_BRIEF_. Transcribe the listing underneath, keeping each word exact and omitting the images.

_STORED DATA_.
((
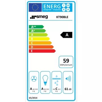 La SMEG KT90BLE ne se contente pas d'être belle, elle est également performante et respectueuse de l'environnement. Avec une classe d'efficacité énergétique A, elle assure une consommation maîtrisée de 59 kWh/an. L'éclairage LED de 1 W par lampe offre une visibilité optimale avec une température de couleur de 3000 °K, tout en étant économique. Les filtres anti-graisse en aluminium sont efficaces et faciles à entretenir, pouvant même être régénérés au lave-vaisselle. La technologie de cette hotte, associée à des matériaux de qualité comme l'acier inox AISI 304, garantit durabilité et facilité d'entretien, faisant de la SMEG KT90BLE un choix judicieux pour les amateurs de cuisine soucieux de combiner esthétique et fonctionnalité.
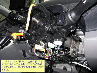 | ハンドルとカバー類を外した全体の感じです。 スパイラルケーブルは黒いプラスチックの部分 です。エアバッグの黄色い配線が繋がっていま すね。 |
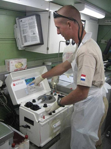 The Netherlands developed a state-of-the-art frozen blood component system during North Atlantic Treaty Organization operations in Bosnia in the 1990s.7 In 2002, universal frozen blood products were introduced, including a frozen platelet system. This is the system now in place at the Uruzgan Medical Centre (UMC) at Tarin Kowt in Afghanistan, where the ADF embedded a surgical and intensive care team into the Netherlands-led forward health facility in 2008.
))
_SOLUTION TO THIS TASK_.
 La SMEG KT90BLE ne se contente pas d'être belle, elle est également performante et respectueuse de l'environnement. Avec une classe d'efficacité énergétique A, elle assure une consommation maîtrisée de 59 kWh/an. L'éclairage LED de 1 W par lampe offre une visibilité optimale avec une température de couleur de 3000 °K, tout en étant économique. Les filtres anti-graisse en aluminium sont efficaces et faciles à entretenir, pouvant même être régénérés au lave-vaisselle. La technologie de cette hotte, associée à des matériaux de qualité comme l'acier inox AISI 304, garantit durabilité et facilité d'entretien, faisant de la SMEG KT90BLE un choix judicieux pour les amateurs de cuisine soucieux de combiner esthétique et fonctionnalité.
 | ハンドルとカバー類を外した全体の感じです。 スパイラルケーブルは黒いプラスチックの部分 です。エアバッグの黄色い配線が繋がっていま すね。 |
 The Netherlands developed a state-of-the-art frozen blood component system during North Atlantic Treaty Organization operations in Bosnia in the 1990s.7 In 2002, universal frozen blood products were introduced, including a frozen platelet system. This is the system now in place at the Uruzgan Medical Centre (UMC) at Tarin Kowt in Afghanistan, where the ADF embedded a surgical and intensive care team into the Netherlands-led forward health facility in 2008.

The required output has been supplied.